Type
- Type: Municipal Corporation

History
- Established: October 2016; 9 years ago
- Preceded by: Panvel Municipal Council

Leadership
- Mayor: Nitin Patil, BJP
- Municipal Commissioner: Shri. Mangesh Sharmila Pandurang Chitale
- Deputy Mayor: Pramila Patil
- Opposition Leader: Vacant

Structure
- Seats: 78
- Political groups: Government (55) BJP (55); Opposition (23) PWPI (9); SS(UBT) (5); INC (4); SHS (2); NCP (2); IND (1);

Elections
- Last election: 15 January 2026
- Next election: 2031

Website
- http://www.panvelcorporation.com

= Panvel Municipal Corporation =

Local civic body in Panvel, Maharashtra, India

Municipal Corporation of The City of Panvel is the governing body of the city of Panvel and 29 revenue villages including Taloje Pachnand, Kharghar, Kamothe in Raigad district.
Panvel Municipal Corporation is headed by Mayor of city and governed by Commissioner.
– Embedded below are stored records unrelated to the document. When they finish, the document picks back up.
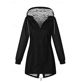 Per donna Trench Giacche antipioggia impermeabili Impermeabile Antivento Cerniera Tasca Moda All'aperto Semplice Uscire Weekend Cerniera Regolare Con Cappuccio Vestibilità regolare Manica Lunga
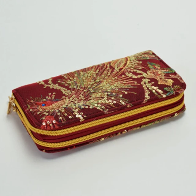 Cheap Chinese national wind double-sided embroidery wallet high-end features peacock embroidery hand-made change mobile phone bag
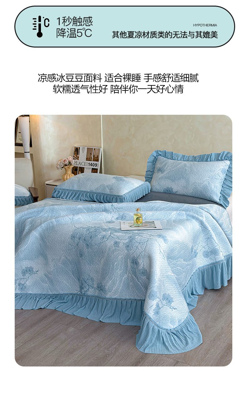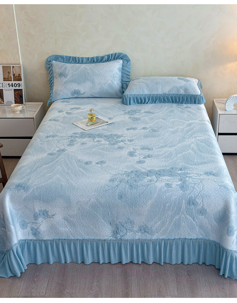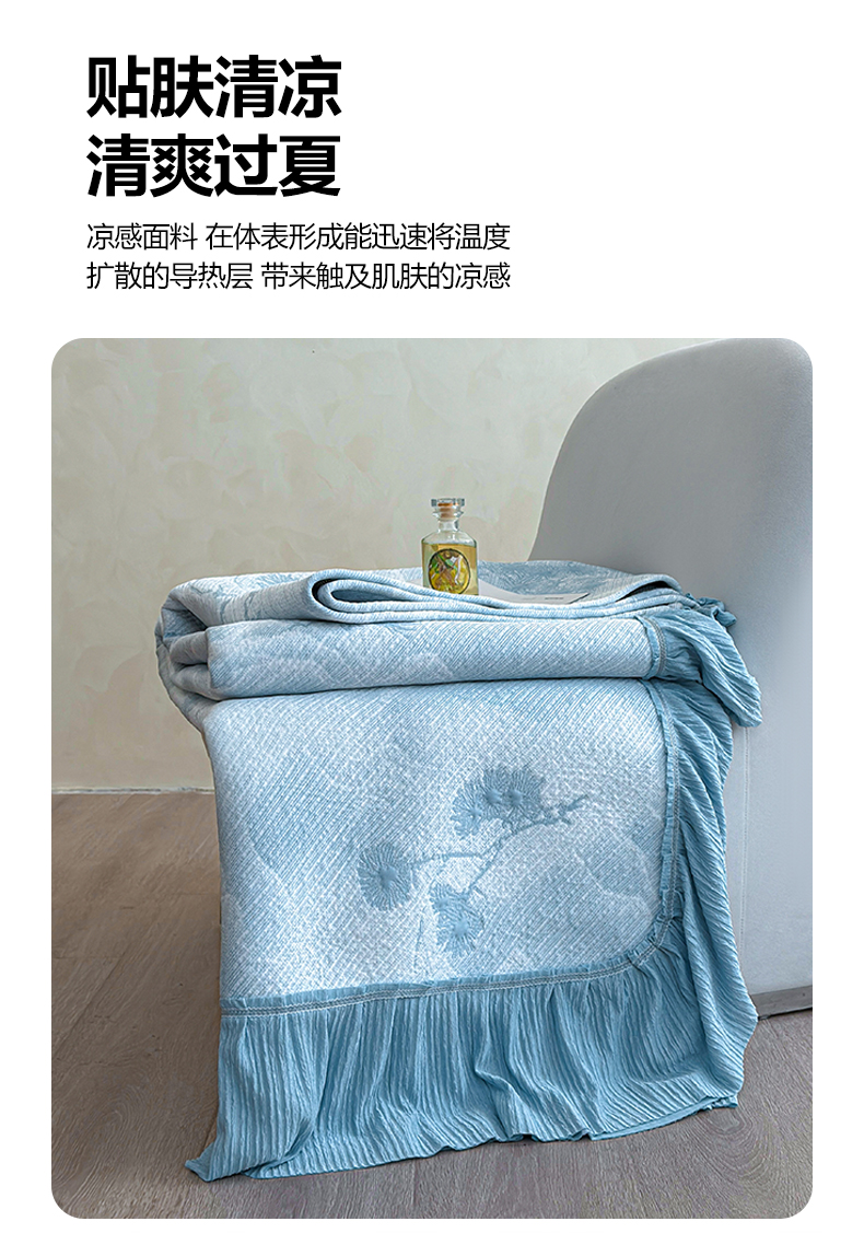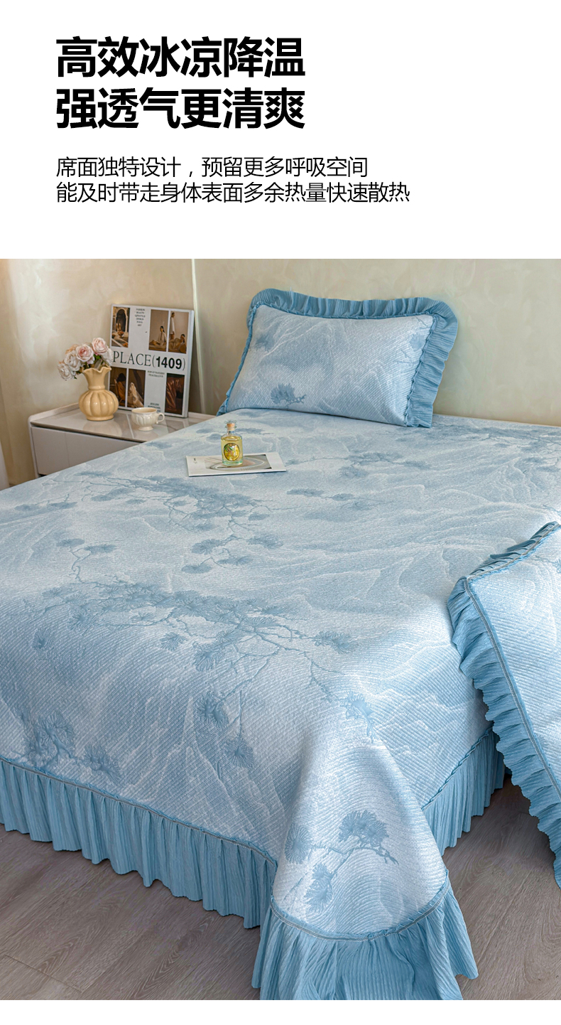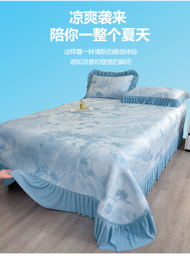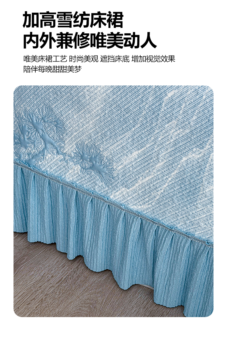 商品名称:慕木家纺 2026新款A类乙纶双面提花560克冰豆豆花边床盖款床裙迎客松系列(提供买家秀) 迎客松-蓝

Panvel Municipal Corporation has been formed with functions to improve the infrastructure of town.

In 2016 Maharashtra State cabinet decided to elevate Panvel Municipal Council to Municipal Corporation under Maharashtra Regional and Town Planning Act, 1966.

The mismanagement of the Panvel Municipal Corporation has led to illegal encroachments in many municipal areas, such as New Township Navde near NH4, Kharghar near D-Mart, and the area near Panvel bus depot.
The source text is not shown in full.